• **WORK REQUEST**
Each entry below should be restated word for word, without any picture it contains.

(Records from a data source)
= Beginning of Section =

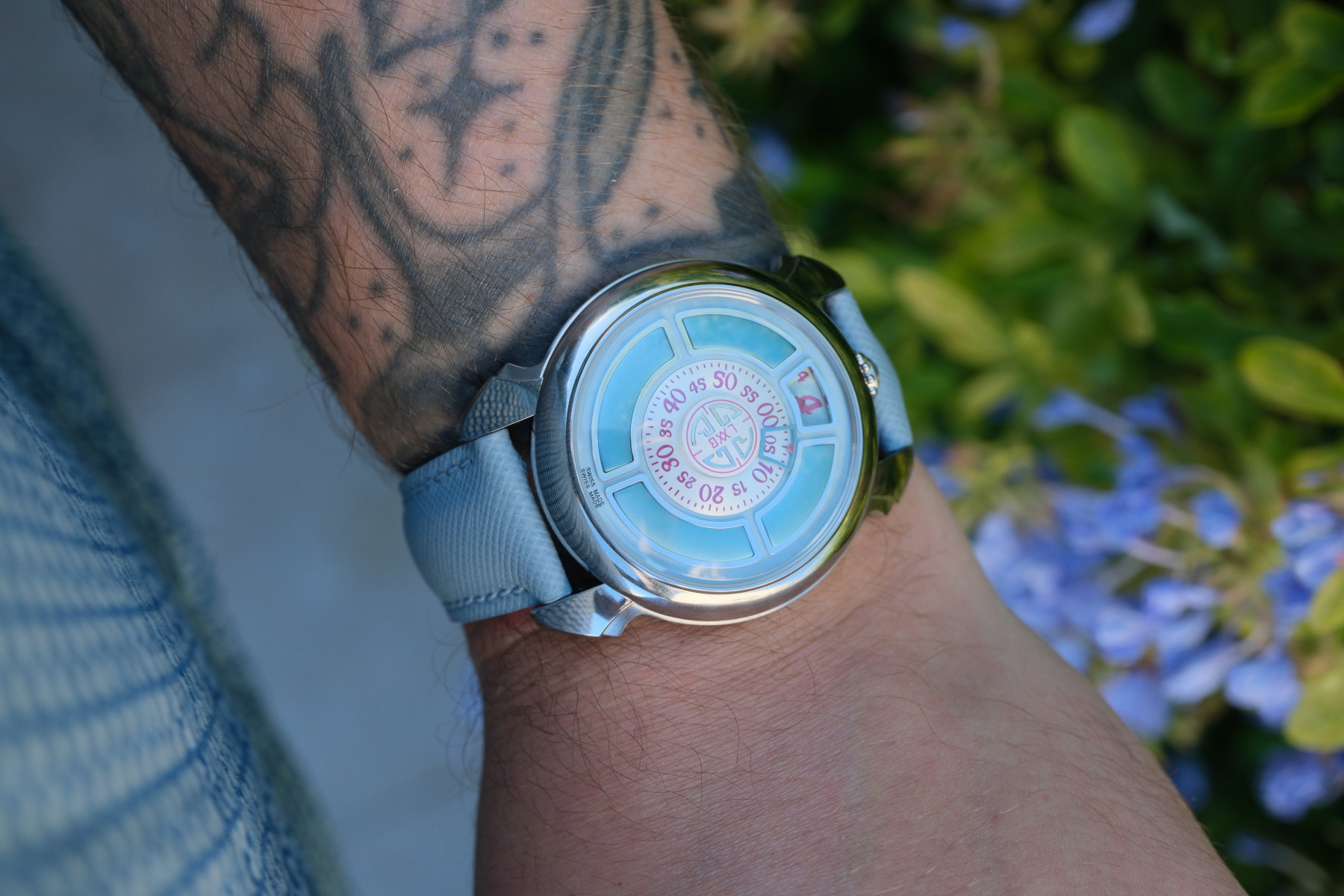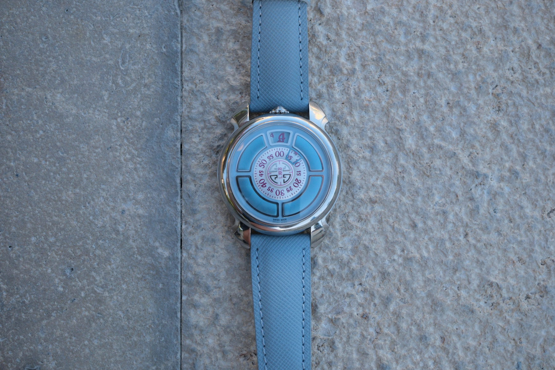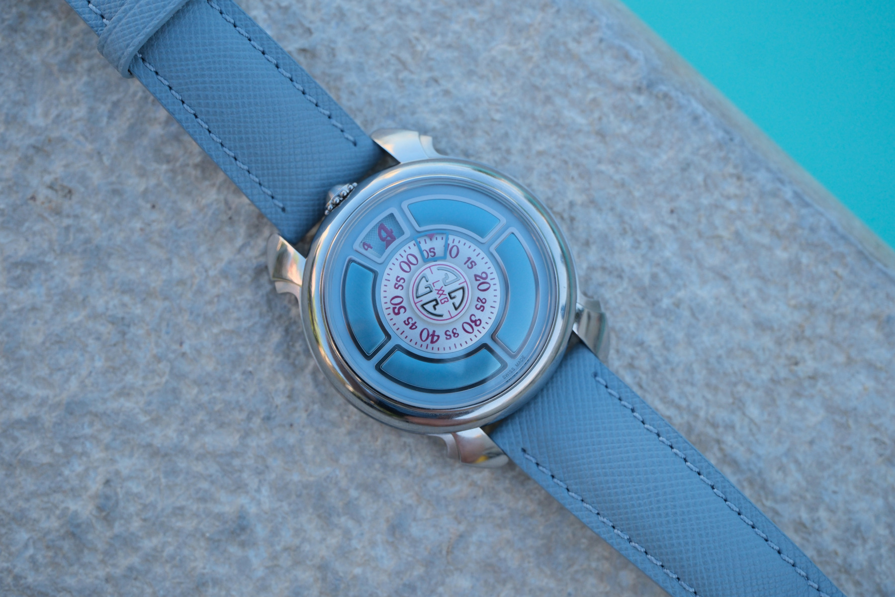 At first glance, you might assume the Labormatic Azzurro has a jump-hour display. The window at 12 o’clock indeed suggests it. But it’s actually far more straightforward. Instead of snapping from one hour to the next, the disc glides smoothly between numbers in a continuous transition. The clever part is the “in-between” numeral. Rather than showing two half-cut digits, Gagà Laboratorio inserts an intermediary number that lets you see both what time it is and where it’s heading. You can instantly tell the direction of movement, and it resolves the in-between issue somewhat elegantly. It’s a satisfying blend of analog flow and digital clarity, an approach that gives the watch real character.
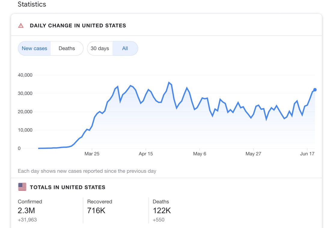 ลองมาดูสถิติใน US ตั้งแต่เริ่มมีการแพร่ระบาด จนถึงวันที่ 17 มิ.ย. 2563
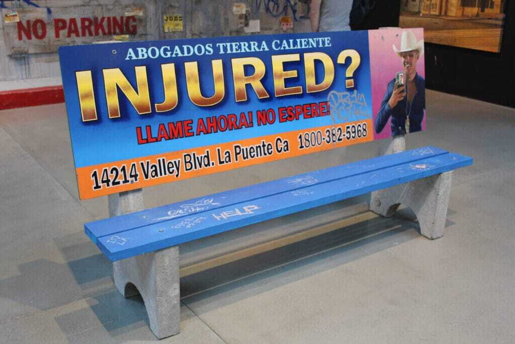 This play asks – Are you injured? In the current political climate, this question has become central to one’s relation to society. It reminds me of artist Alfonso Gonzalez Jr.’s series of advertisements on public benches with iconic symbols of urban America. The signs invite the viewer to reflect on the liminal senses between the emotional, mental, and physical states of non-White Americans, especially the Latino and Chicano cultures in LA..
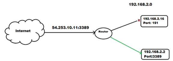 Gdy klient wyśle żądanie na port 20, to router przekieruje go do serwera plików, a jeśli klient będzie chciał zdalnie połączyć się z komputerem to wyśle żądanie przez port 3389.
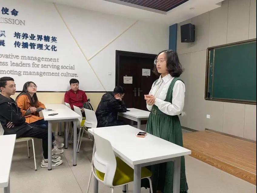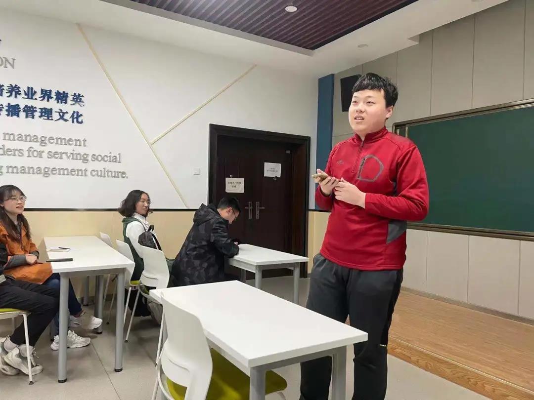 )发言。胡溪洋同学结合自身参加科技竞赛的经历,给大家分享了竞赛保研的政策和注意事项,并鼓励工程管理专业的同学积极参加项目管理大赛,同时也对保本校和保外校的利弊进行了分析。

= End of Section =

• **ANSWER FOR THE TASK**
 At first glance, you might assume the Labormatic Azzurro has a jump-hour display. The window at 12 o’clock indeed suggests it. But it’s actually far more straightforward. Instead of snapping from one hour to the next, the disc glides smoothly between numbers in a continuous transition. The clever part is the “in-between” numeral. Rather than showing two half-cut digits, Gagà Laboratorio inserts an intermediary number that lets you see both what time it is and where it’s heading. You can instantly tell the direction of movement, and it resolves the in-between issue somewhat elegantly. It’s a satisfying blend of analog flow and digital clarity, an approach that gives the watch real character.
 ลองมาดูสถิติใน US ตั้งแต่เริ่มมีการแพร่ระบาด จนถึงวันที่ 17 มิ.ย. 2563
 This play asks – Are you injured? In the current political climate, this question has become central to one’s relation to society. It reminds me of artist Alfonso Gonzalez Jr.’s series of advertisements on public benches with iconic symbols of urban America. The signs invite the viewer to reflect on the liminal senses between the emotional, mental, and physical states of non-White Americans, especially the Latino and Chicano cultures in LA..
 Gdy klient wyśle żądanie na port 20, to router przekieruje go do serwera plików, a jeśli klient będzie chciał zdalnie połączyć się z komputerem to wyśle żądanie przez port 3389.
 )发言。胡溪洋同学结合自身参加科技竞赛的经历,给大家分享了竞赛保研的政策和注意事项,并鼓励工程管理专业的同学积极参加项目管理大赛,同时也对保本校和保外校的利弊进行了分析。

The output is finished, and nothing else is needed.